M4. (Analysis) The chapter claims that "what gets conserved tells you the deepest truth about the system." Test this claim against a system you know well. Identify the conserved quantity. Does it reveal the deepest truth? Or is there something deeper?

M5. (Recognition) A financial advisor tells a client: "This investment is completely risk-free." Apply conservation of risk. Where is the risk actually located?

M6. (Synthesis) Connect conservation of attention to the explore-exploit tradeoff (Ch. 8). How does the finitude of attention affect the optimal strategy for balancing exploration and exploitation? Does conservation of attention favor exploration or exploitation?

M7. (Application) Design a "conservation audit" for a specific organization. What conserved quantities would you track? What transfers would you monitor? What "violations" would raise red flags?

M8. (Analysis) The chapter distinguishes between strict conservation (physics) and approximate conservation (human systems).

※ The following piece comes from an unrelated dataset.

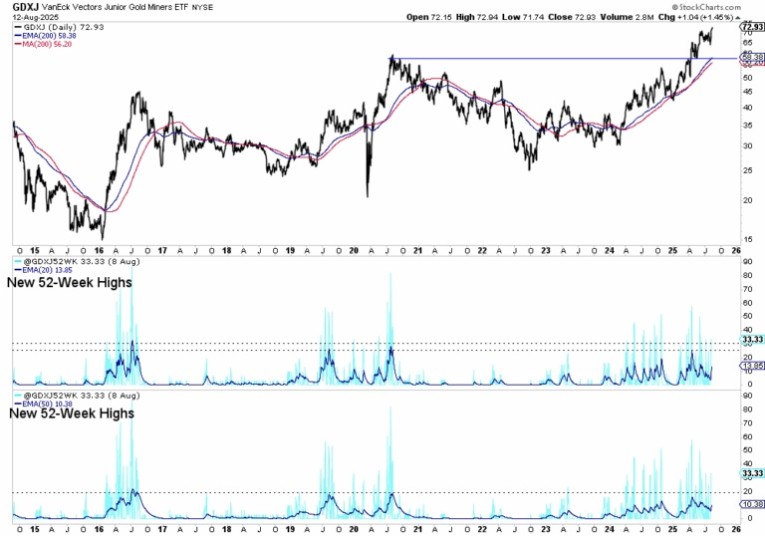 Below, we plot the 20-day exponential moving average of new highs in GDXJ and the 50-day exponential moving average of those new highs. The EMAs of new highs are at 13.8% and 10.4% respectively.

Is there a spectrum of strictness across human conservation laws? Rank the six human conservation laws discussed in the chapter from most strict to most approximate, and justify your ranking.

M9. (Recognition) A tech company announces that its new AI will "eliminate the need for customer service representatives." Apply conservation of complexity. What complexity is the AI handling? What complexity remains? What new complexity does the AI create?

M10. (Synthesis) How does conservation thinking change your reading of Chapter 1 (The View From Everywhere)? If the patterns discussed throughout the book exist because of deep conservation constraints, does this strengthen or weaken the book's thesis that cross-domain pattern recognition is a learnable skill?